Marginally winning Tournament Omaha Player on Bovada......... lean into poker more as don't have anything else going on..

decent handreader and intelligent 171LSAT but zero emotional control so could never beat poker despite being obsessed with the game since the boom 2004ish....

Degenerate gambler, lost job year ago had 40kish saved.. blasted it away on Internet Blackjack/nba parlays/ getting kicked off Air BNB with 5kish in credits they took from me..
i deserve it though, trash every place i stayed at...
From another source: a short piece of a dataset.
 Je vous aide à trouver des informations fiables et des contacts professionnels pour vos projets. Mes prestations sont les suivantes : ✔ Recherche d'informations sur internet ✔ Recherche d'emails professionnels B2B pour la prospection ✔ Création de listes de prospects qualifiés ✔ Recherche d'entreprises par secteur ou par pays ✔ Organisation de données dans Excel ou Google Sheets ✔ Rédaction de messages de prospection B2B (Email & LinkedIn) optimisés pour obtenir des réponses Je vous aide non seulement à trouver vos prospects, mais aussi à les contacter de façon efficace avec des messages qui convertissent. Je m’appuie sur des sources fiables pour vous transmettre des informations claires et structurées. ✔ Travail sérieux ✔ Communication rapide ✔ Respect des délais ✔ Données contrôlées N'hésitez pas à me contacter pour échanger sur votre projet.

Buddy of Mine who told me to buy ETH in 2016 at $7 which I obv ignored and blasted away on the NBA slate Loaned me $10,000, I used that to get a 6 month lease in shithole student housing where I am double their age and know no one.. a cautionary tale...

First Goal at this point is just to stay relatively level headed mentally and emotionally.
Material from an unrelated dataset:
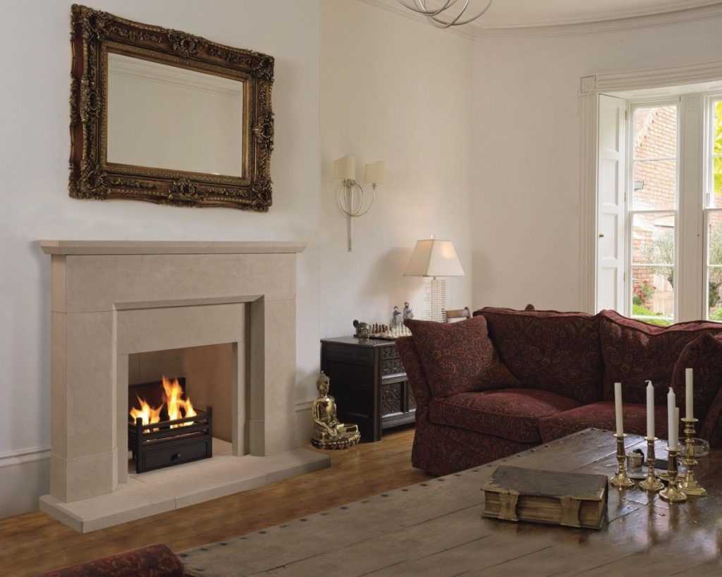 - Classic. Restraint or flashy luxury. Facade of a fireplace made of wood or stone. Extra decor is missing. Place a mirror, painting, or lamp above the product.

Managed to run up a small deposit on Iggy to $2000

Plan is play 2500 Omaha MTT and SNG *No HU vs obv bots who pwn me.

Target Profit is $11000 to repay the Loan+ Interest.

Hopefully the Act of doing this helps me grow as a person, even if it is to report that I failed at poker and the game has passed me by.
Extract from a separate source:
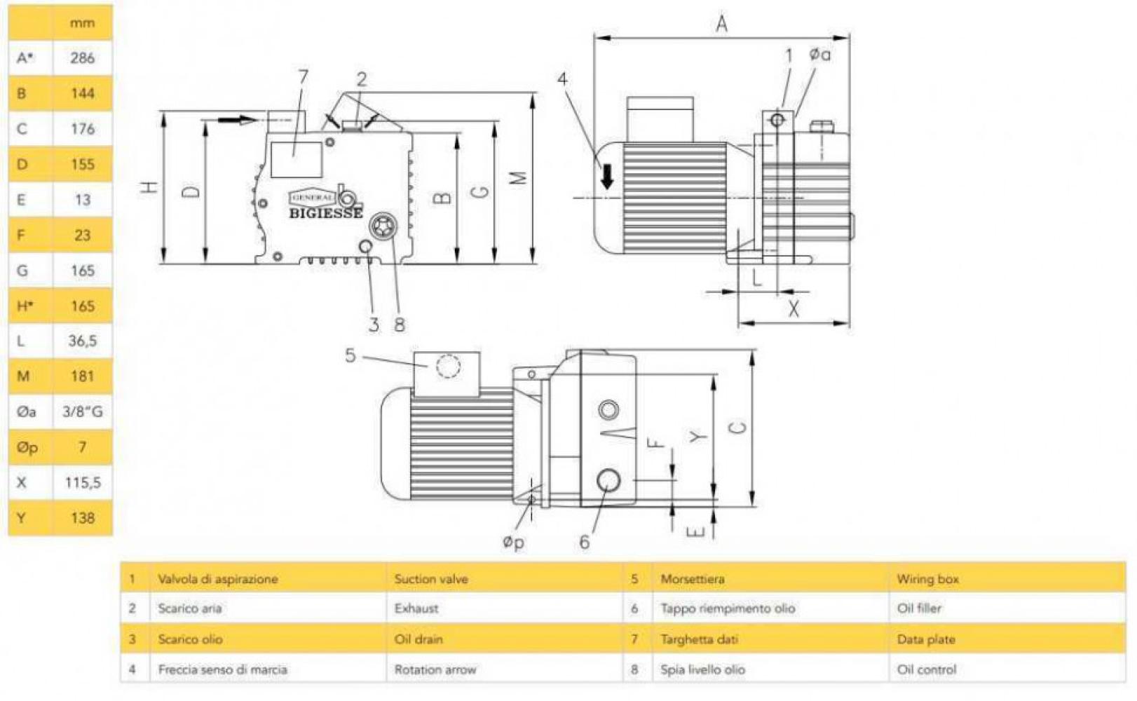 Корпус насоса изготовлен из высококачественного чугуна, масляный и воздушный сепаратор из алюминия. Двигатель соединен с рабочим органом при помощи гибкой муфты.

Part of Poker's appeal is to fix some sort of character defect that it is at our core... Like if we can make the river bet fold of the underfull and be right we will come to truly understand ourself and our role in this universe.

To give some structure to these ramblings. We are going to break this up into 25 Updates 100 Games per update.. But the Poker part of this challenge is almost extraneous to the real goal of documenting our human experience..

Whatever comes will come. Purity and Serenity and Mental toughness is the goal.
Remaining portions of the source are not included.